I'm going to try to make it my resolution (at least one of them) to write more this year than I have in the past two years. I don't really do much anymore though, so I don't know how interesting it'll be. Still, I love to read through my old entries (probably more than anyone else does).

Anyway, I worked last night and am working again this morning. It kind of sucks, not to mention the sanitation guy might come in and do an audit. I really hope he doesn't, because even though everything is probably okay, I'm super tired and might not be on my toes at all times like I should be when he's around. I also hate a lot of the stupid rules they impose on us, like having to make sure that the hot dogs that are open are wrapped up, when we usually go through the open hot dogs in a few hours (especially during lunch time). I don't mind marking them with when they were opened, and a discard date of a few days later, but I don't see the point in closing something that I'm going to be using in another couple of hours.

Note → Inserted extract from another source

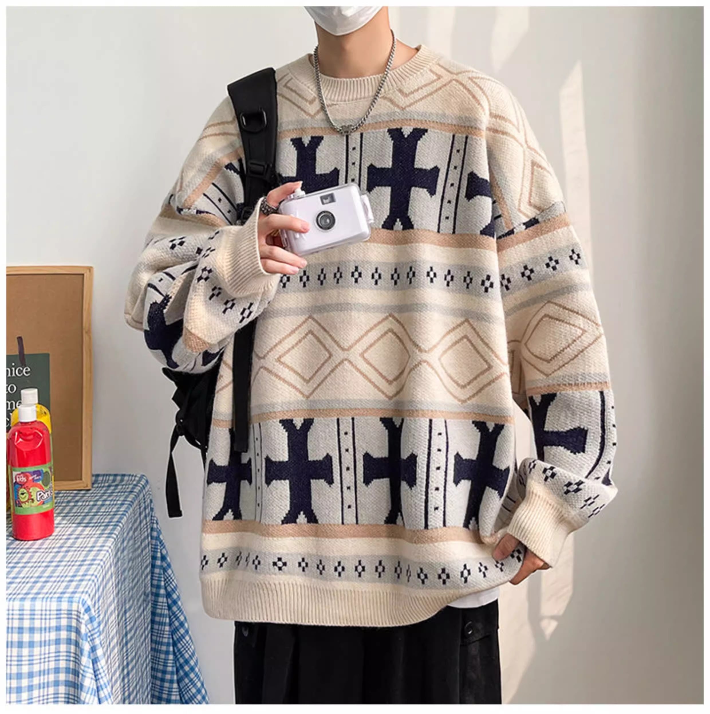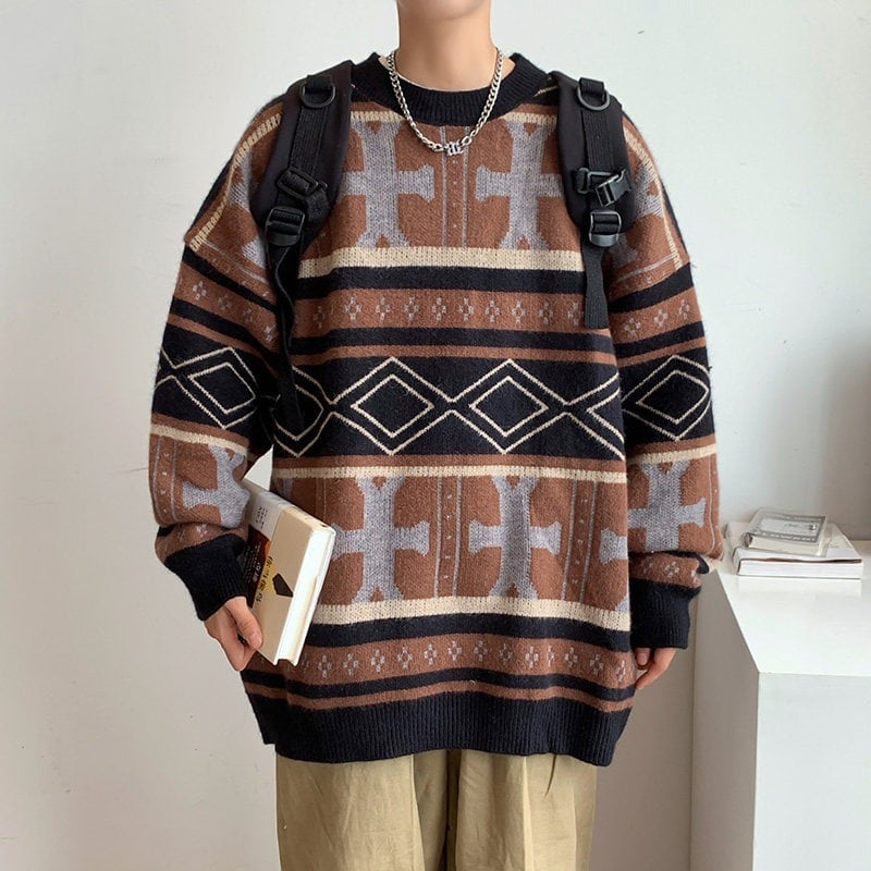 ノルディック風幾何学柄オーバーサイズニットセーター 2color MTO0420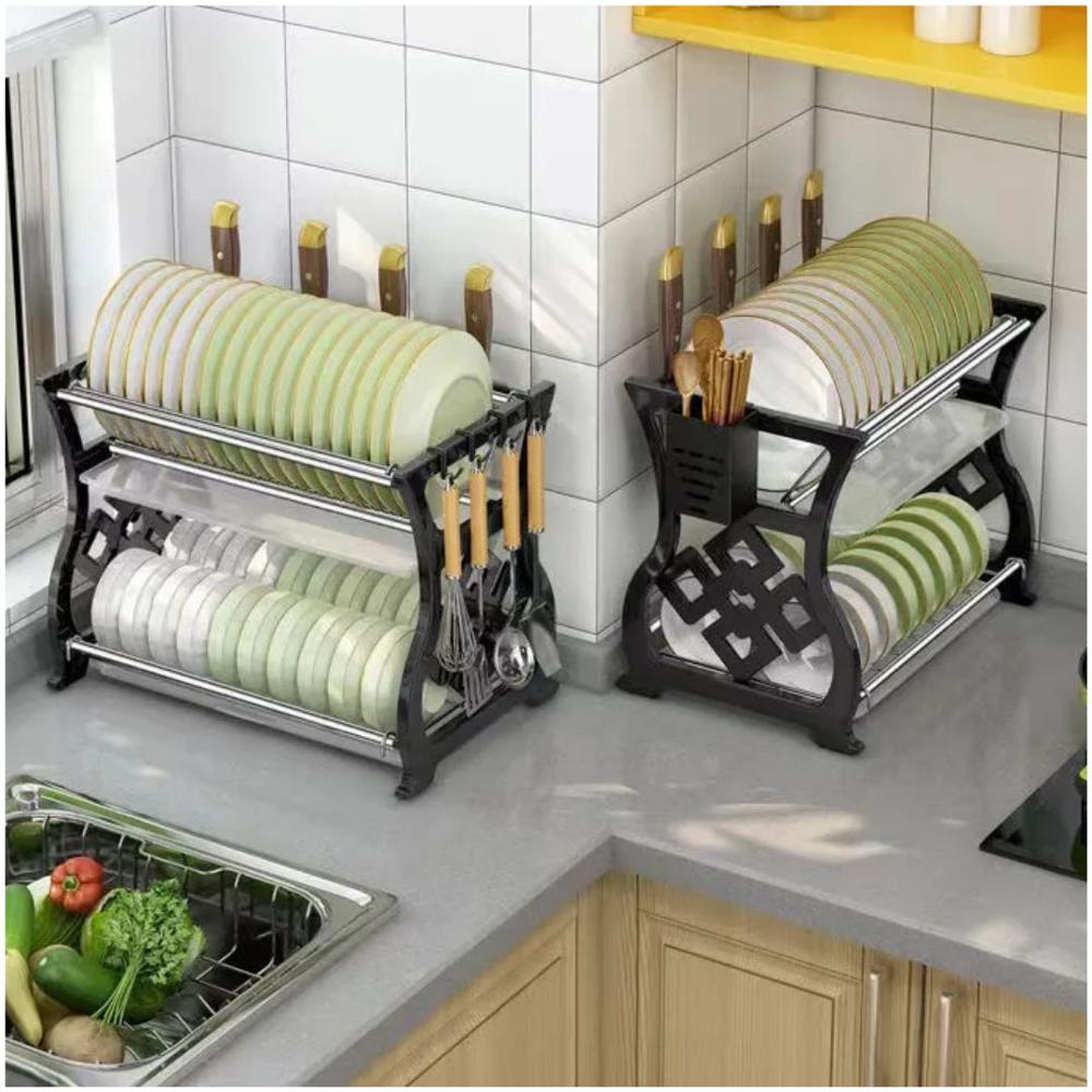 Escurridor de Platos Vasos Acero al Carbono con Sistema de Drenaje 16.5x42x30cm

I woke up about a half hour early today, and I went to bed about an hour and a half late, so I'm pretty tired. It's hard for me to go to bed right when I get home, so I was online. Then I ate and watched some TV and played guitar, but not much. I really need to try to work on learning new songs, but I can't think of any I want to really learn. Then there's the matter of actually writing my own songs, which for some reason terrifies me. I haven't written music in probably almost a year, and it's kind of sad. I don't know that I will ever be a composer like I dreamed of being, it seems like my will to do so died when I got my degree.

I'm going to try to go to a career center sometime in the next few weeks to see what I should be doing. I want to go back to school for my Masters, but I really don't know what to go for. I don't want to do Music, and I don't think I'd get in anyhow. I just don't know what would allow me to not have to do a ton of extra work. I don't mind taking three years to get my Masters instead of two, but I can't go back to school for four or six years, considering I'm still trying to pay my student loans back, and that will take me until I'm in my 40s. I want to be able to gain new skills to get a good job without having to worry about incurring a massive pile of debt.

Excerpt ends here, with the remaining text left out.